In August 2006, the Government had high aspirations for raising the design standard of what is built when the Planning Minister Baroness Andrews announced that ‘the Government is putting high quality design at the heart of the planning process’. This saw the introduction of a statement about design to accompany, but not be part of, almost all planning applications. This has quickly become part of the common language of applications alongside planning statements, application forms and transport assessments. However, the Design and Access Statement has become the most prominent of all the application documents – it is the most commonly and often the only report read.

Despite this, it is clear to us at the UDG that authors and audiences alike, including local authority planners, are getting statements very wrong.

There are still many miles between a statement that informs the reader, explains the scheme, sets the aspiration and delivers a narrative about the design process and one that makes vague assertions dressing up the scheme as innovative, well-designed, of high quality and the best thing to happen in the area.

In response, the UDG has produced a new publication focused on writing good statements about design and it recognises that the starting point is the Government Circular (and CABE’s Design and Access Statements: How to write, read and use them, June 2006). However it goes further in explaining that access issues are part of good urban design and that by using the tools of urban design it is far harder to hide poor design, and far, far easier to promote good, sound design. Equally, we hope that it will give much needed guidance to local authority planners assessing schemes and help them to realise that good design exists in all schemes and that design is rarely a linear process - it is about making the right decisions at the right time.

My hope is that this publication will make it easier for promoters of good design to prevent the erosion of their schemes by the ill-informed or poorly-trained who misguidedly argue personal preference over good design. A well thought-out Design and Access Statement can make a clear case for high quality design, regardless of style, and help prevent the slide towards mediocrity in design that is prevalent in what is being built today.

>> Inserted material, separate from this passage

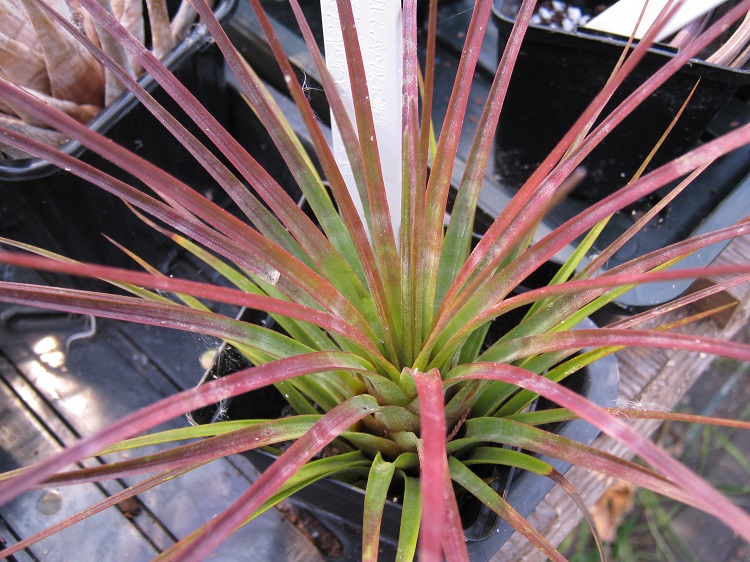 and when I finally went to rescue it, it was too late to save). This young plant seems to be growing slowly into a replacement. Andy's Airplants says: "Tillandsia tricolor v. melanocrater is a great species of Tillandsia it is easy to grow, it does not require the air-movement that the silver leaved species enjoy, making it very suitable for windowsills, bathrooms and terrariums. It will also grow well in bright conditions with a regular wetting. The plant responds well to being mounted or grown in a pot with just potting bark as a medium. Tillandsia tricolor comes from Central America and Mexico where it grows as an epiphyte on trees. It has dark green leaves that can color up very nicely if given high light levels. The flower spike is impressive too with red yellow and green stem and bracts, the flowers are puple and tubular." Tillandsia tricolor var. melanocrater has now been elevated to species status, as Tillandsia melanocrater, however people are not adapting rapidly and for the moment I am going to leave things as they are. |

The UDG’s publication is available from Thomas Telford from March 2008.

Ben van Bruggen

The UDG’s Director Robert Huxford announces new initiatives

We are all supposed to be in the age of information. The knowledge economy is all the rage. But in this sea of information where is knowledge to be found? The answer is in the Urban Design Group’s e-mail newsletter! Each week we trawl for useful information in the government and websites covering other countries looking for new legislation, guidance, policy and technological developments.  There is information about jobs and events too. If you are not receiving the newsletter and would like to, please contact admin@udg.org.uk.

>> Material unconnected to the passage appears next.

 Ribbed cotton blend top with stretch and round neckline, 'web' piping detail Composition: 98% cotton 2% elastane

Urban Design Week 2008 is scheduled to take place between 15-22 September, and is an opportunity for us all to raise the profile of urban design. Please think about getting involved, possibly by running an event locally where you live or work. Extra help on this is being provided by UDG past Chairman Barry Sellers who is producing an e-booklet full of ideas and suggestions for activities and how they can be undertaken. We will send this by e-mail nearer the time.

The Urban Design Group is setting up its own free-to-join e-mail discussion forum using a first-rate service provided by the UK universities JISCmail system. If you would like to join in, either go to www.jiscmail.ac.uk and search for ‘URBANDESIGN’ or follow the links that are being sent out in the UDG e-mail newsletter.

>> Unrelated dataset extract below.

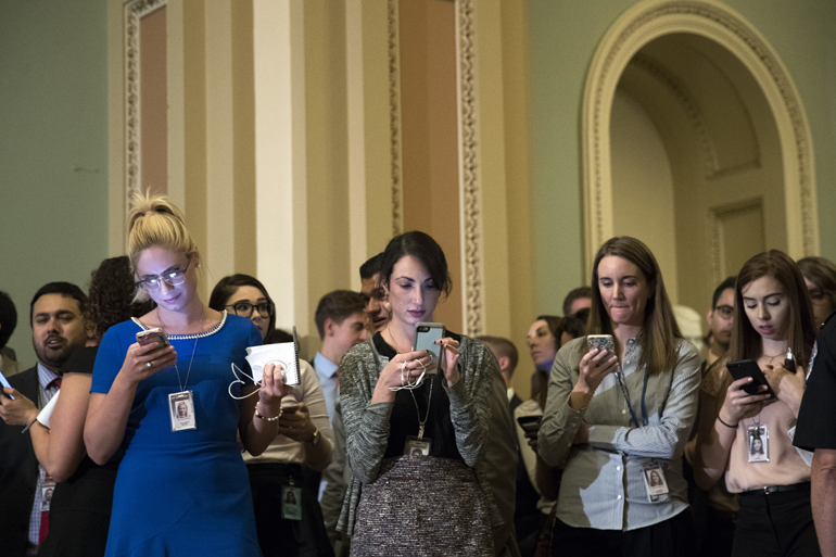 Reporters’ heads swiveled toward the doors each time they opened, and when they weren’t doing that, they split their attention between watching the Senate floor action live-streamed on their phones and what they could glimpse through the chamber’s doors a few feet away.

What is urban design? The essay that explores this question on the Urban Design Group website, introduces urban design as the collaborative and multi-disciplinary process of shaping the physical setting for life in cities, towns and villages. It is a definition that is capable of embracing many different people, professions and activity. However many of us instinctively like to refine definitions to make them more precise. The philosopher Karl Popper cautions us against sterile debates on definition, while the world around moves on. But it seems that a valuable step forward is being made. For the past 18 months, Rob Cowan has been working on Capacitycheck, a tool that can be used to assess the skills of an individual, the design capacity of an organisation, or the input required for a project. It has necessarily involved providing a more precise listing of the activities in urban design, but rather than excluding individuals, Capacitycheck potentially makes urban design more inclusive than ever before by defining urban design as a method of working: something to which we all can aspire. Capacitycheck is due to be published later in the year by the Urban Design Alliance, and will mark an important step forward for urban design.